On the left is a long term picture of the U.S. Dollar Index. It is near its peak of the last decade but below three prior high points. Last week it sold off a bit after the ISM Manufacturing survey came in weaker than expected. Some of the smartest people whose analysis I read are predicting an end to the Dollar's strength. I have to see a definitive break of the trading channel before I count it out.























Last week the Saudis claimed that production is back to pre-attack levels. I have a hard time believing this but obviously the oil market believes it. Prices are back to the low $50s amid universal pessimism toward all things energy related. On the right is XLE the Energy Sector SPDR. It is close to touching the $55 level for the fourth time. There is an old trader's saying that goes something like this - When price touches the same level for the fourth time, expect extreme volatility. There is no clue as to which way the market will go after this fourth touch - a big rebound or a collapse. In the case of energy related stocks I am trading them from the long side. The group is very beaten down and out of favor. Some analysts are saying that big institutions are selling oil stocks because of share holder pressure over global warming. Look at the dividend on some of these stocks. Exxon Mobil has a current yield of 5.05%. BP is at 6.06%. Chevron is at 4.18%. Compare the chart of XLE to the Utilities SPDR shown above. Which group has more room to the upside at this point? Yes, oil could collapse but my bet is that these stocks, artificially sold for political reasons, are a bargain.























Last week I was out in farm country after the latest USDA crop update. Yields and acreage were reduced and grains rallied. Soy Beans are limping along near their lows of the last decade. There is still a big carry-over in storage from past years so there is no current shortage. One of my favorite scenes from Jaws is when the crew is first out on the water trying to attract the shark.

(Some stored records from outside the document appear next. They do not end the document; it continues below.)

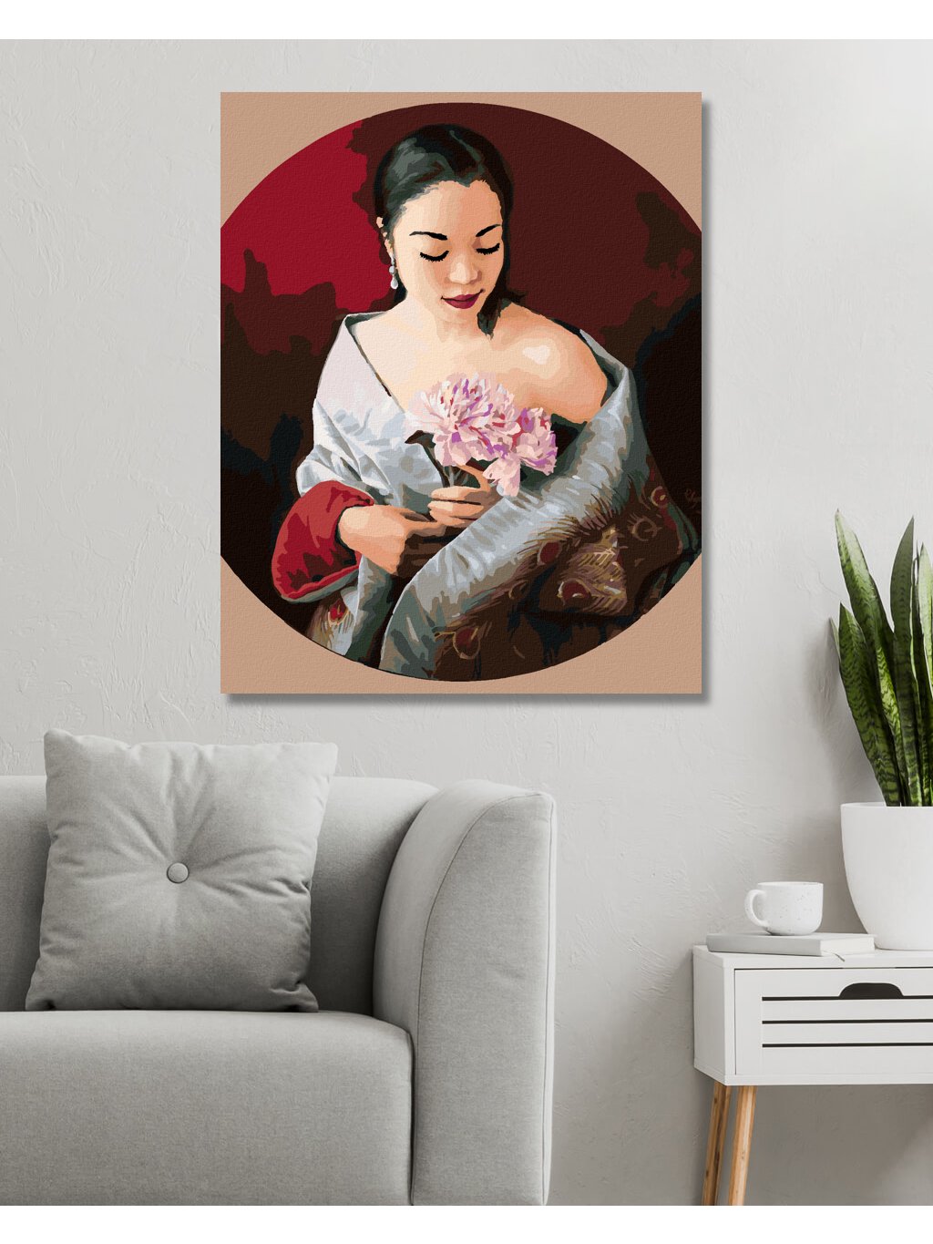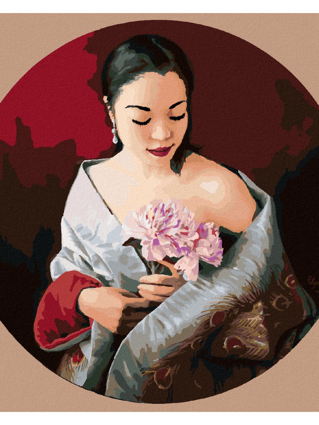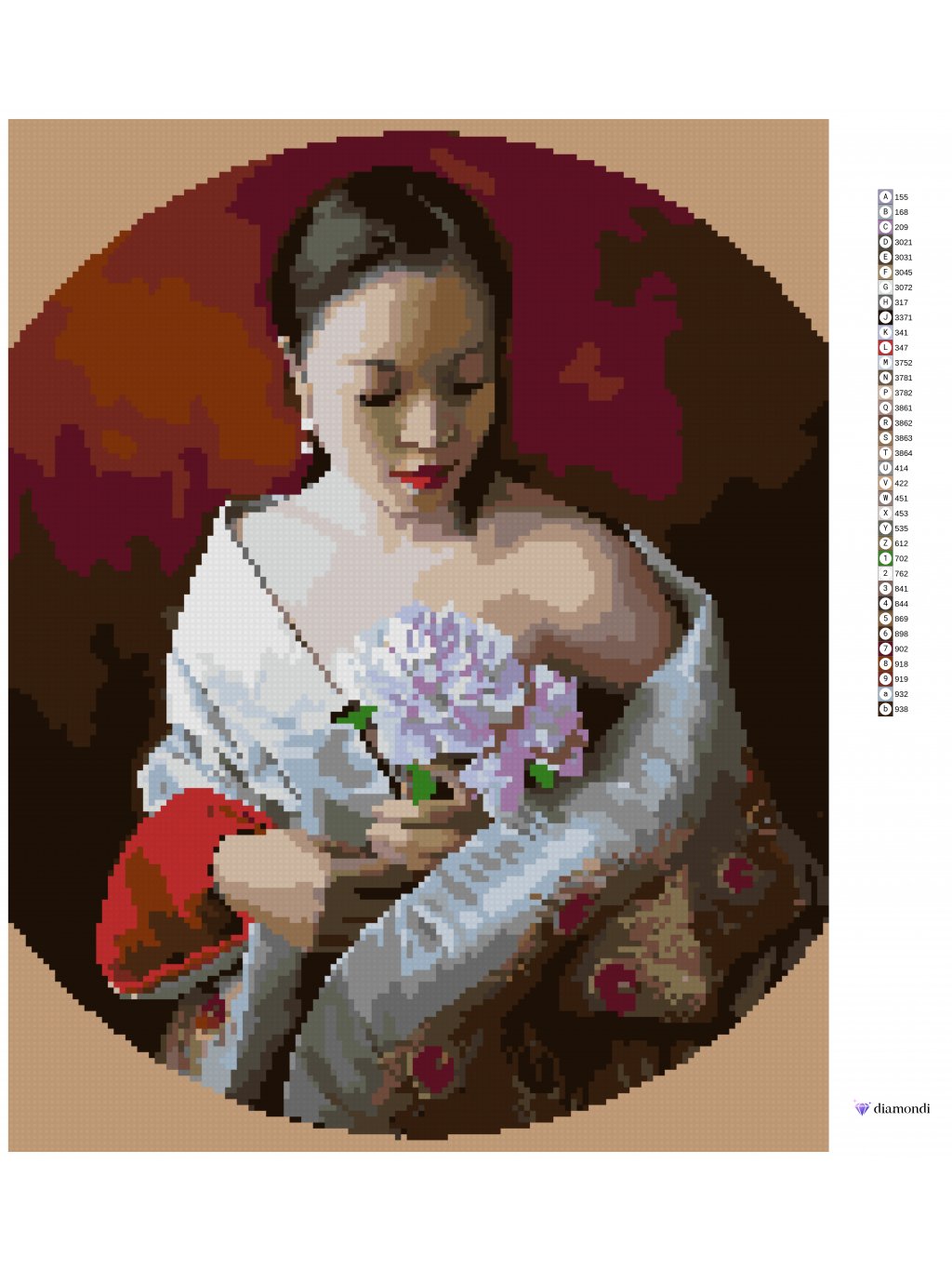 Diamantové malování - ŽENA V PŘEHOZU S PAVÍM VZOREM A KVĚTINA (PIETER WAGEMANS)
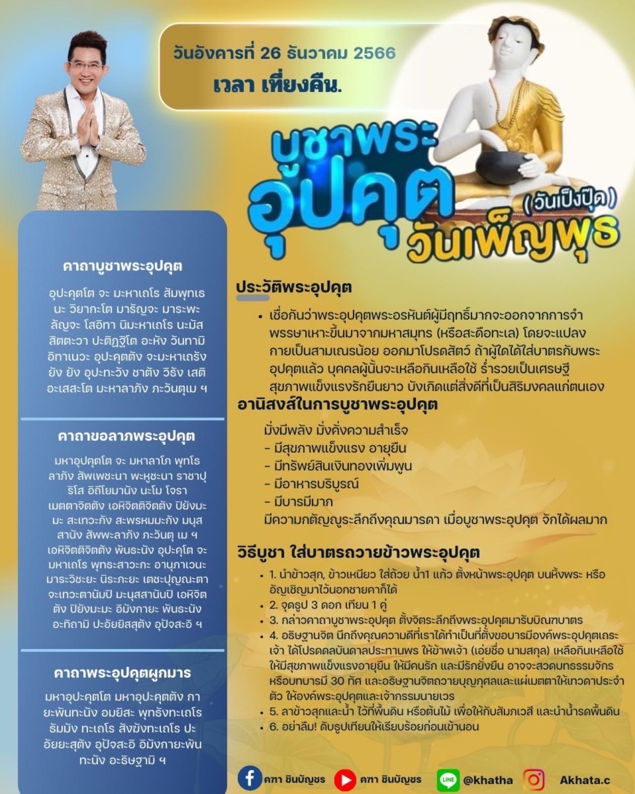 อ.คฑา ชินบัญชร เปิดวิธีไหว้บูชาพระอุปคุต เนื่องในวันเพ็ญพุธ หรือ เรียกว่าอีกอย่างว่าเป็งปุ๊ด 26 ธันวาคม 2566 เวลาเที่ยงคืน คืนนี้ เพื่อขอโชคลาภ ความมั่งคั่ง ความเป็นสิริมงคล มีทรัพย์สินเพิ่มพูน ขอความเป็นสิริมงคล ความรักดี มีเหลือกินเหลือใช้ ความเชื่อในวันนี้ พระอุปคุตท่านจะลงมาโปรดให้โชคชัย กับเหล่าพุทธศาสนิกชนผู้มีความศรัทธาในพระอุปคุต นั่นเอง
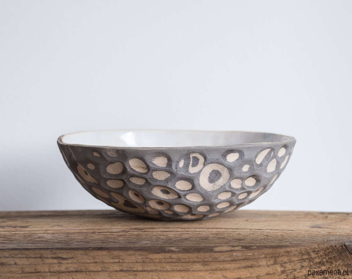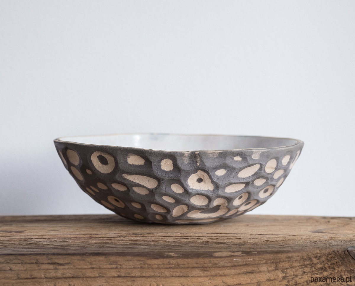 miseczka ręcznie lepiona z łączonych glin jasnej i ciemnej
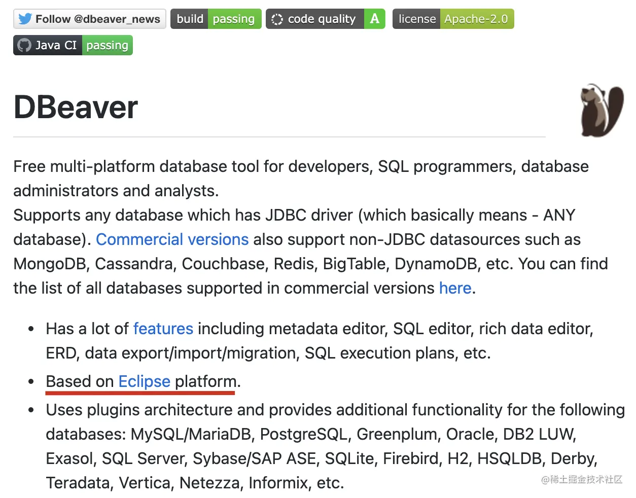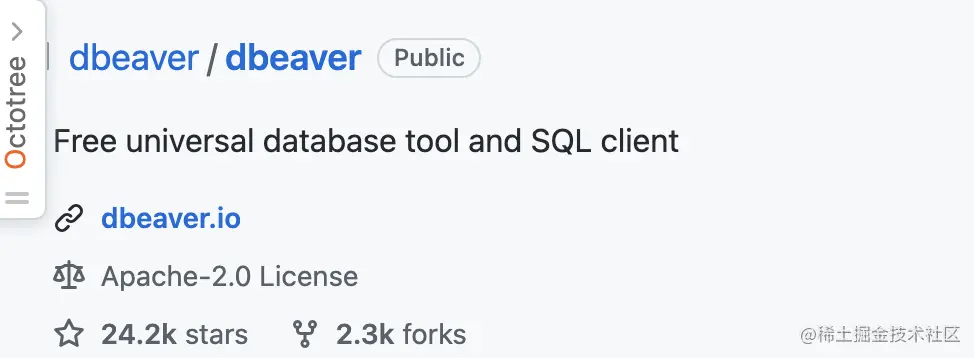 DBeaver 是由 Java 编写的,默认使用 JDK 11 进行编译。社区版基于 Apache-2.0 License 在 GitHub 上开源,目前已获得 24k+ 的星标。
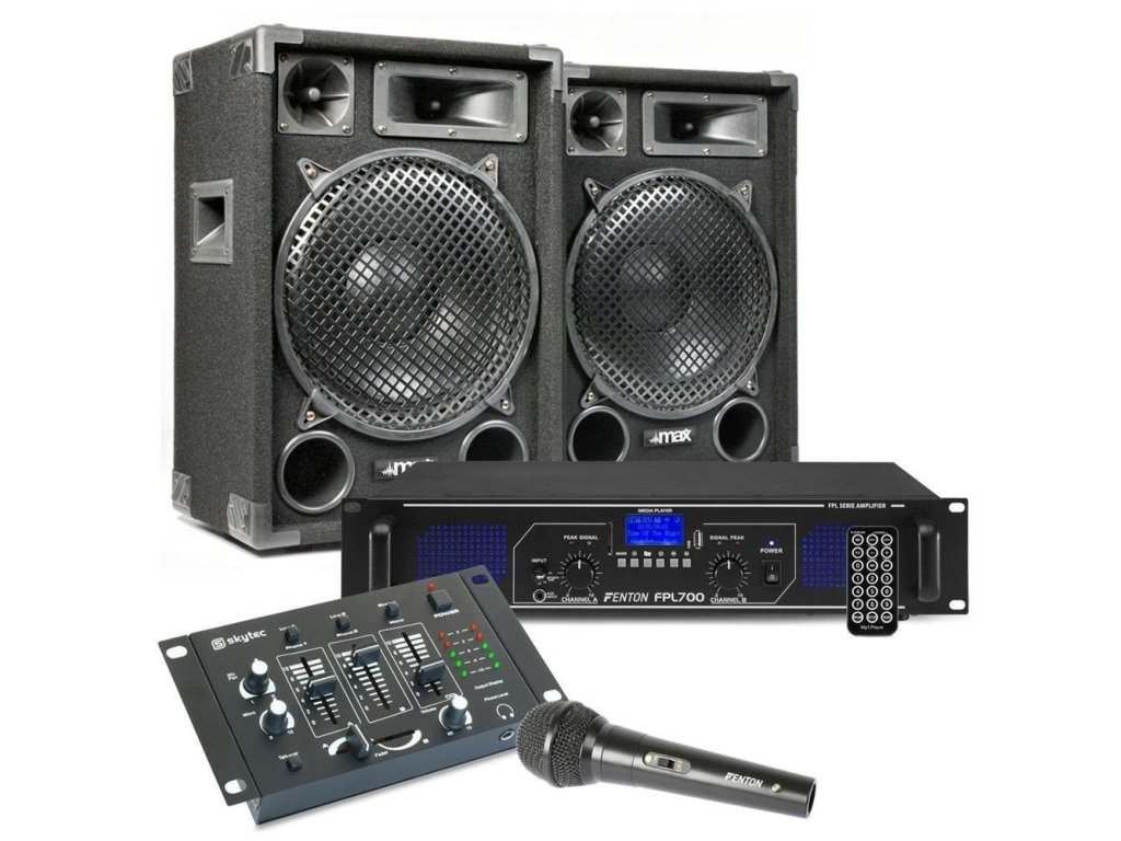 Výhodný set reproboxov Max MAX12 12" 700W, digitálneho zosilňovača Fenton FPL700 2x350W, mixpultu Vonyx STM-2211B, 2 dynamických mikrofónov Fenton DM100 (čierny) a prepojovacích káblov.
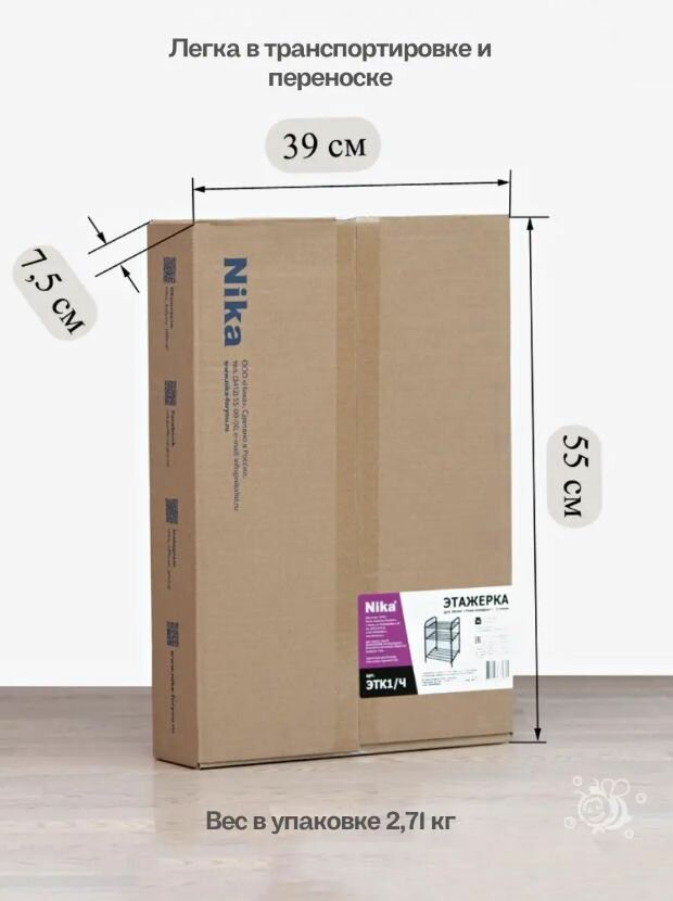 Этажерка NIKA "Комфорт-1" разборная, 44х33х50см, узкая 3-х ярусная ЭТК1/Ч
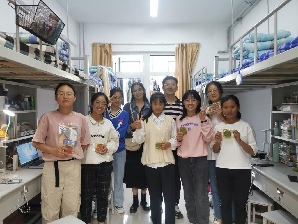 2020级新生辅导员李林林和带班学长学姐,前往学生宿舍为同学们送上定制款的青大月饼。同时辅导员老师和同学们热情亲切地交谈,细致地询问了同学们在学习和生活上是否存在困难和问题,着重强调了宿舍安全和出行安全,对同学们关怀备至。并提出历经疫情与高考的考验,大家相聚相识的缘分是多么的来之不易,希望大家能迅速的融为一体,虽来自天南海北,也要在求同存异中互相尊重,共同进步。同时鼓励大家常态化疫情防控的情况下要组好个人防护;在日常学习中要夯实专业知识,身怀使命感和责任感树立远大理想信念;还提醒同学们一定要给父母打个电话、问候一下家里长辈和亲友,节日的快乐要同家人一起分享。
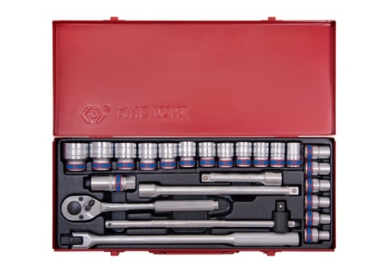 Zestaw narzędzi 1/2" King Tony w metalowej kasecie. W zestawie znajdują się nasadki krótkie, 12-kątne w rozmiarach [ mm ]: 10, 11, 12, 13, 14, 15, 16, 17, 18, 19, 20, 21, 22, 23, 24, 27, 30, 32, nasadka do świec, 12-kątna, 21 mm, grzechotka z moletowaną rączką, pokrętło przesuwne, pokrętło łamane oraz dwie przedłużki.
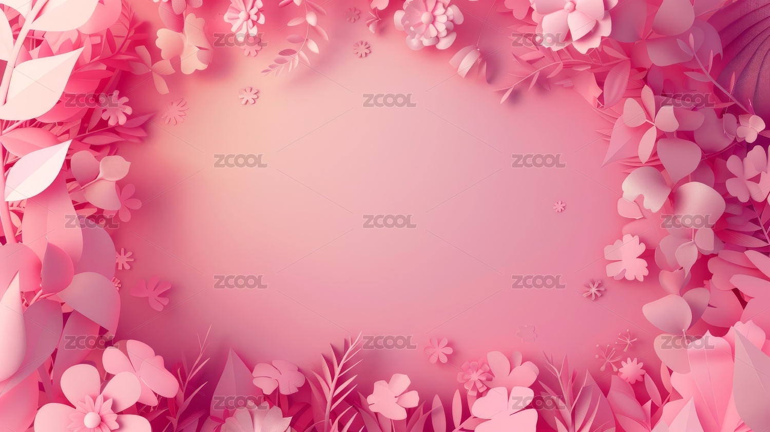 粉色水彩叶脉边框 浪漫花卉留白背景
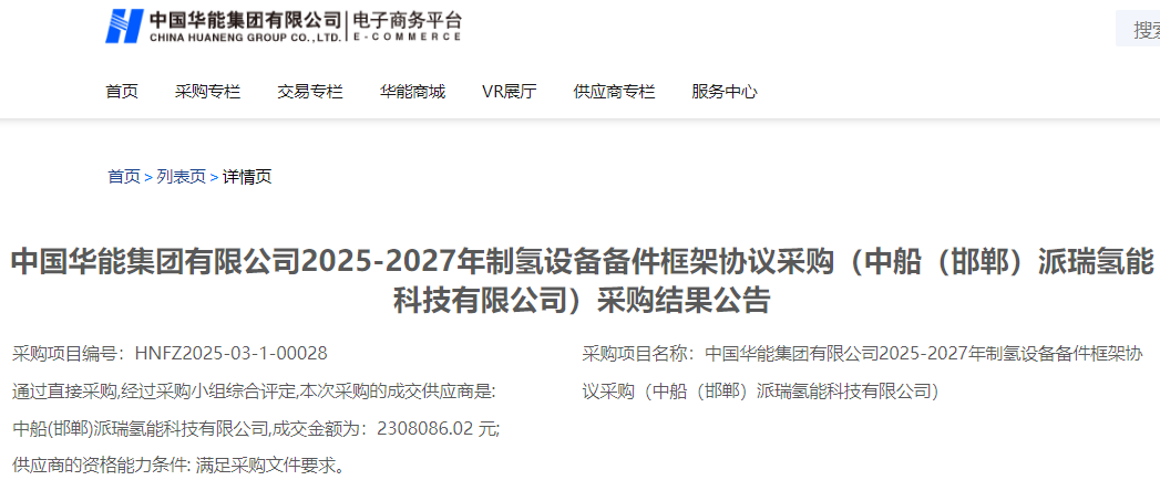 通过直接采购,中国华能集团有限公司2025-2027年制氢设备备件框架协议采购(中船(邯郸)派瑞氢能科技有限公司)采购成交供应商是中船(邯郸)派瑞氢能科技有限公司,成交金额为2308086.02元。
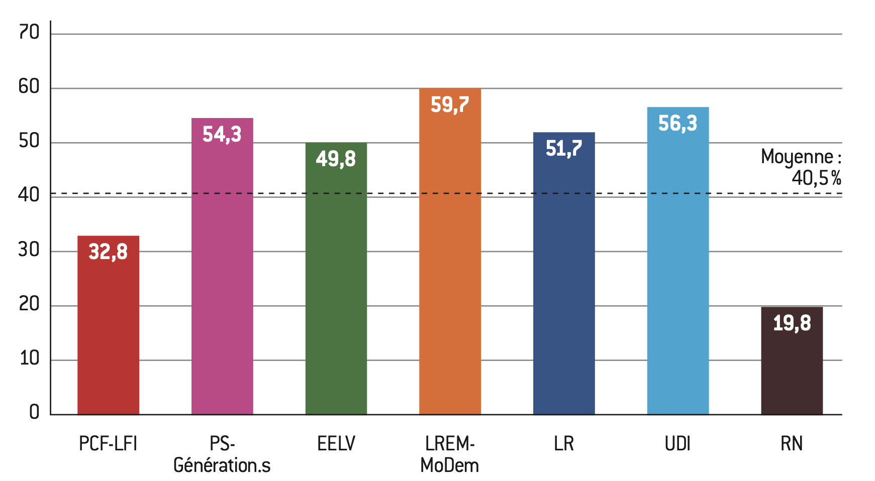 Nous avons vu précédemment qu’à gauche ces cantons sans concurrence se caractérisaient par une moindre audience de la gauche lors des élections européennes de 2019. Il en va de même pour le bloc de la droite et du centre (majorité présidentielle comprise), même si le phénomène de concurrence en fonction des scores réalisés par ce bloc est moins marqué qu’à gauche. On le voit, les partis de la droite et du centre profitent pleinement de cette absence de concurrence interne pour réaliser de bons (LR avec 43,7% des voix), voire d’excellents résultats (l’UDI avec 50,5%). Même LREM, dont les candidats étaient susceptibles d’être la cible d’un vote sanction, récoltent une part des suffrages correcte. Dans ces cantons, où l’audience cumulée de la droite et du centre se situait entre 30,9% et 32,8% aux élections européennes de 2019, le poids des sortants présentés par l’UDI (75% de candidats sortants) et par LR (54,5% de sortants) se fait nettement sentir65.
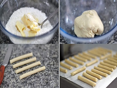 La Masa lista es hora de modelar. Para ello retire un pedazo de la masa, haga cubiertas y corte en el tamaño deseado. Es importante que los palitos sean finos, del espesor de un lápiz.
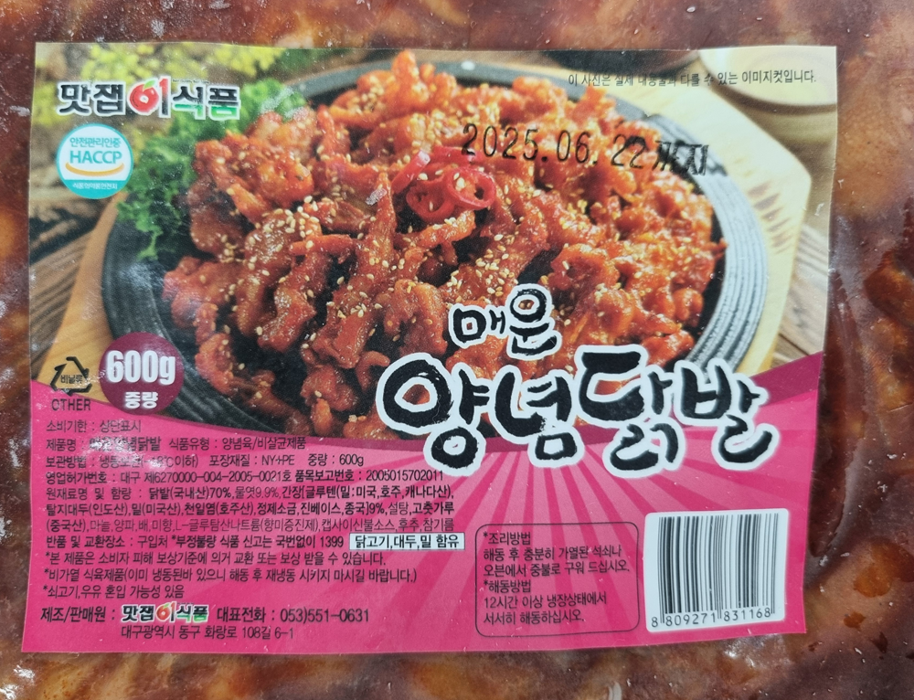 | 제품명 | 매운양념닭발 600g/맛잽이식품 |
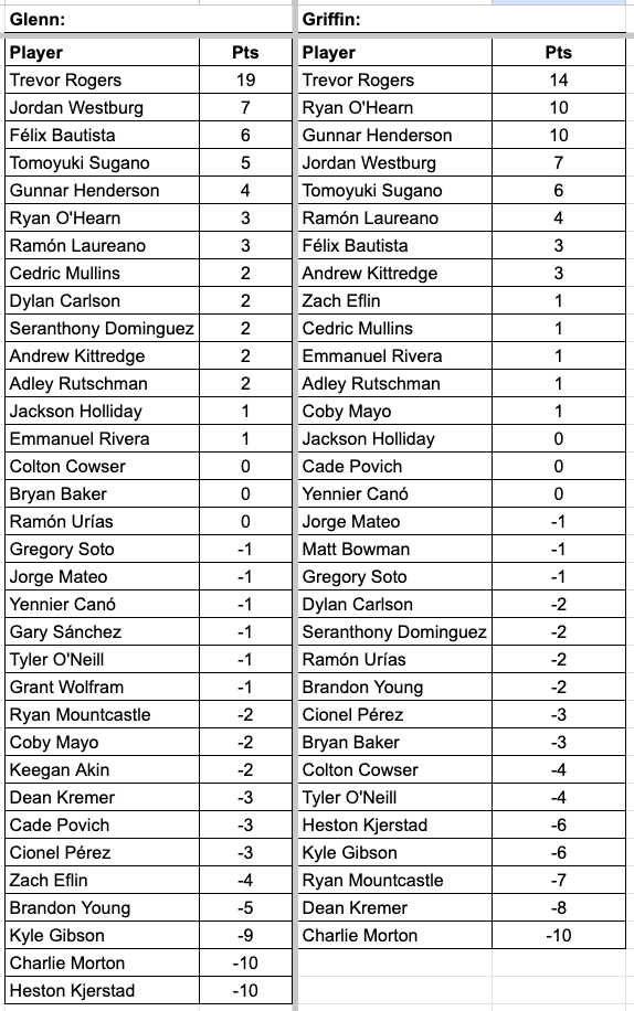 In a week where it was difficult to find a third player, Rutschman did get on base nine times in 23 plate appearances and yeah, that’s where we’re at. He did have the big blow in one of the two games they actually won as well. So there’s that.

The captain is relaxing, holding his rod when it clicks due to a small tug. He quietly straps himself in, preparing for what his experience tells him is an encounter with the beast. I am interpreting this crop report as that initial click. I am strapping myself in for higher prices!










Strategy for the next two weeks: I am dying to pull the trigger on shorting the stock market. I love down markets and tend to see things from a bearish perspective. I just can't do it right now because of the sentiment related graphs shown above. The trades I am putting on are to short bonds and gold related things. As with the bout of put option buying, investors have placed a lot of money into bonds and gold in anticipation of a stock market collapse. The first few days of the week should clarify things. On a very short term basis, stocks are "over bought" because of the big upside move from Thursday's lows. If they can't knock the market down much by Tuesday afternoon I will look for another rally phase. I am keeping my positions small. Markets that top in July then sell off into August tend to peak in early to mid-October so if we see a new high during the next two weeks along with weakness in gold and bonds, I will take profits.

Analysts are saying that consumers are confident and spending too much relative to their income. They are predicting that the consumer will run out of spending power and that will be the turning point toward a recession. To the left is a graph from the St. Louis Fed web site which has hundreds of charts that you can graze through. This one shows Delinquency Rates on Credit Card Loans since 1992. The 90s were a decent time for most of us but note that the default rate was higher then than it is now. If the consumer is "tapped out" it is not showing up in the Delinquency Rate data.